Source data
[Start of section]

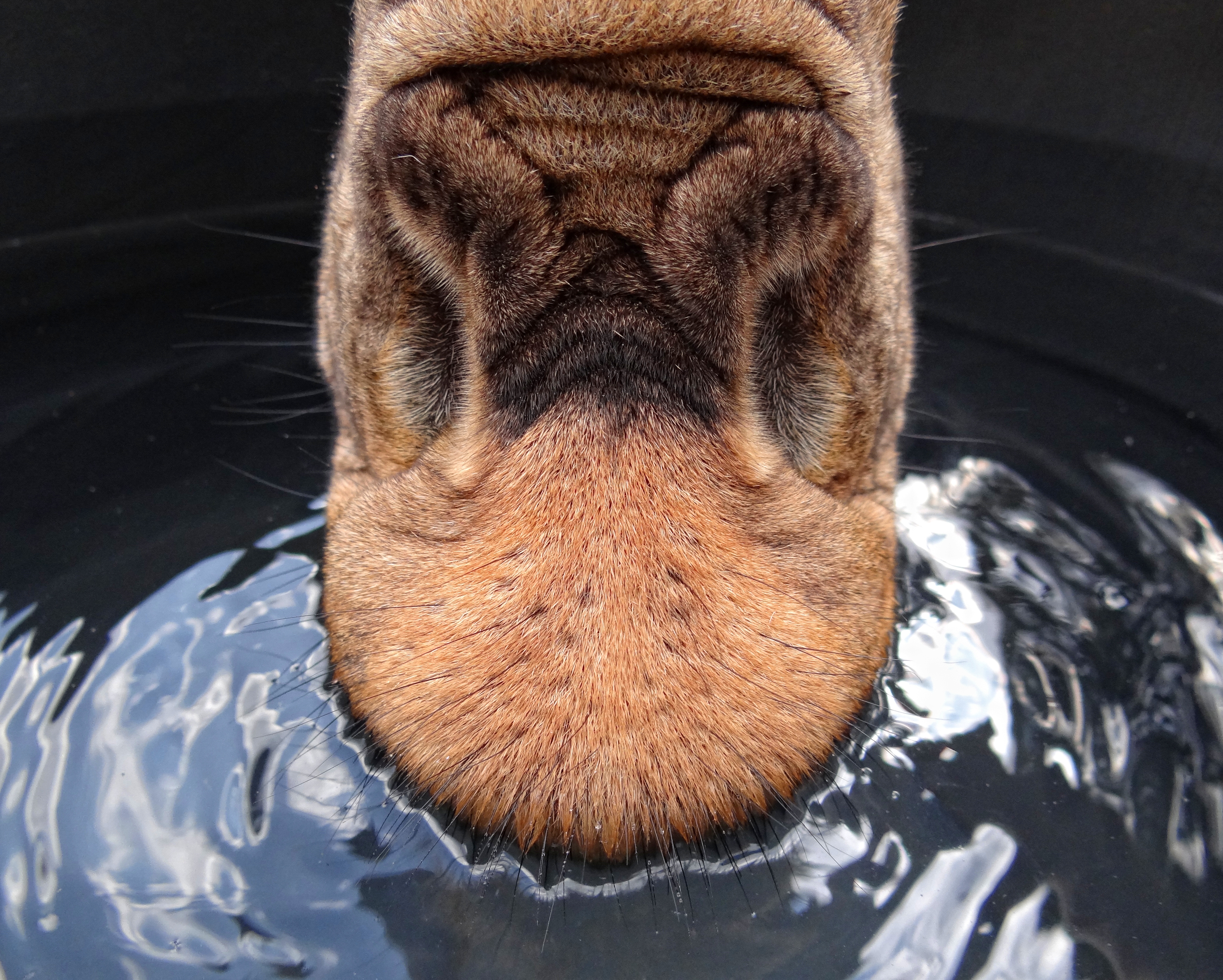 The appearance of a giraffe's snout when drinking from surface water.
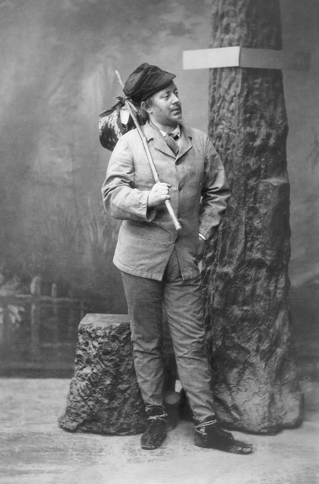 Russian actor Nikolai Yakovlev as Schastlivtsev in Ostrovsky's play Forest (Les; 1898) in Maly theater.
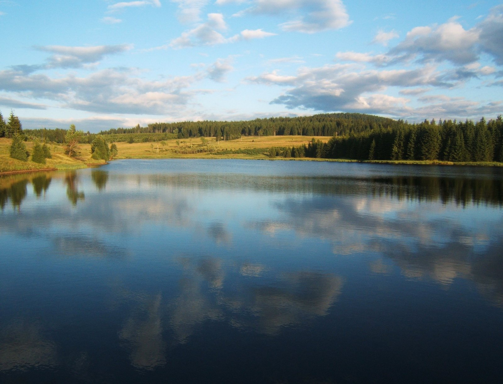 Water reservoir near Myslivny in the Ore Mountains, Czech Republic
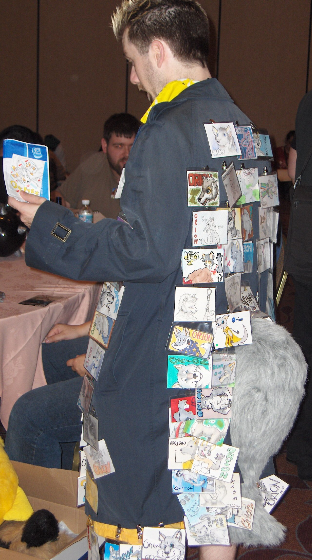 Orion's collection of convention badges, as displayed at Anthrocon 2006, a popular furry convention.
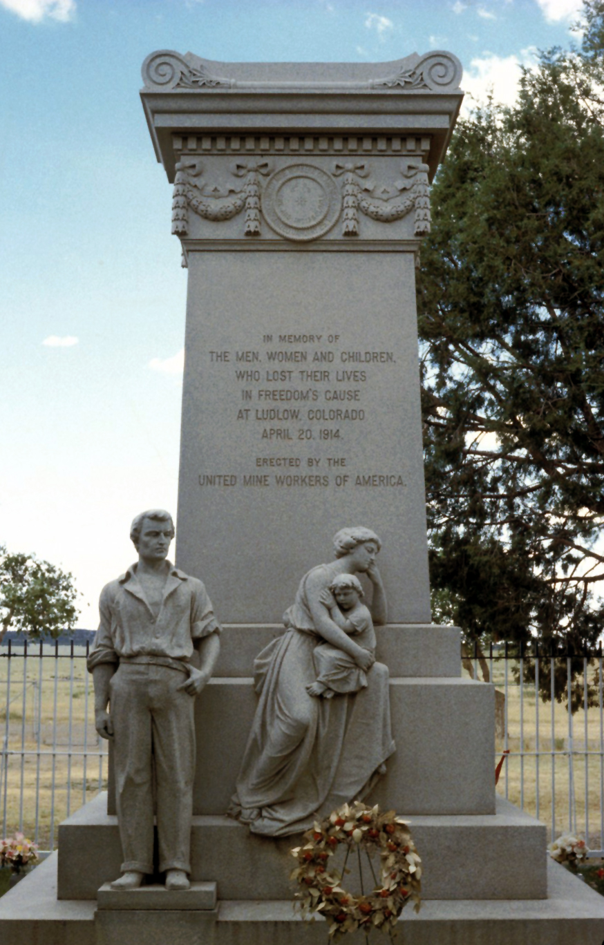 Ludlow Massacre Monument, prior to being vandalized and subsequently restored. Taken on April 28, 2005 by Mark Walker.
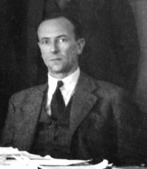 James Chadwick at the 1933 Solvay Conference, 25 October 1933. Chadwick had discovered the neutron the year before.
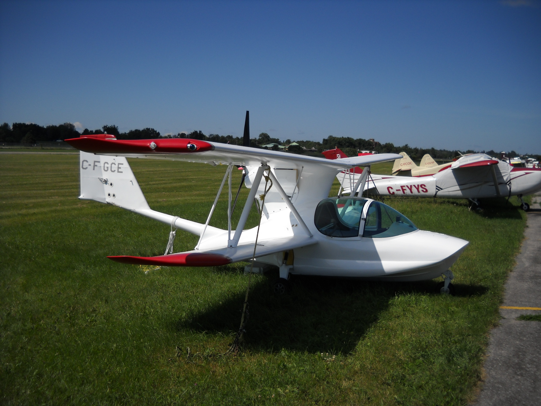 An AAC Seatstar at Rockcliffe Airport, Ottawa, Ontario, Canada. The aircraft was undergoing maintenance and the tailplane was not installed.

[End of section]

◆ **EXERCISE**
No pictures belong in the answer. It must repeat exactly the lines from the line with "Water reservoir near" through the final line of the records.

◆ **TASK RESULT**
 Water reservoir near Myslivny in the Ore Mountains, Czech Republic
 Orion's collection of convention badges, as displayed at Anthrocon 2006, a popular furry convention.
 Ludlow Massacre Monument, prior to being vandalized and subsequently restored. Taken on April 28, 2005 by Mark Walker.
 James Chadwick at the 1933 Solvay Conference, 25 October 1933. Chadwick had discovered the neutron the year before.
 An AAC Seatstar at Rockcliffe Airport, Ottawa, Ontario, Canada. The aircraft was undergoing maintenance and the tailplane was not installed.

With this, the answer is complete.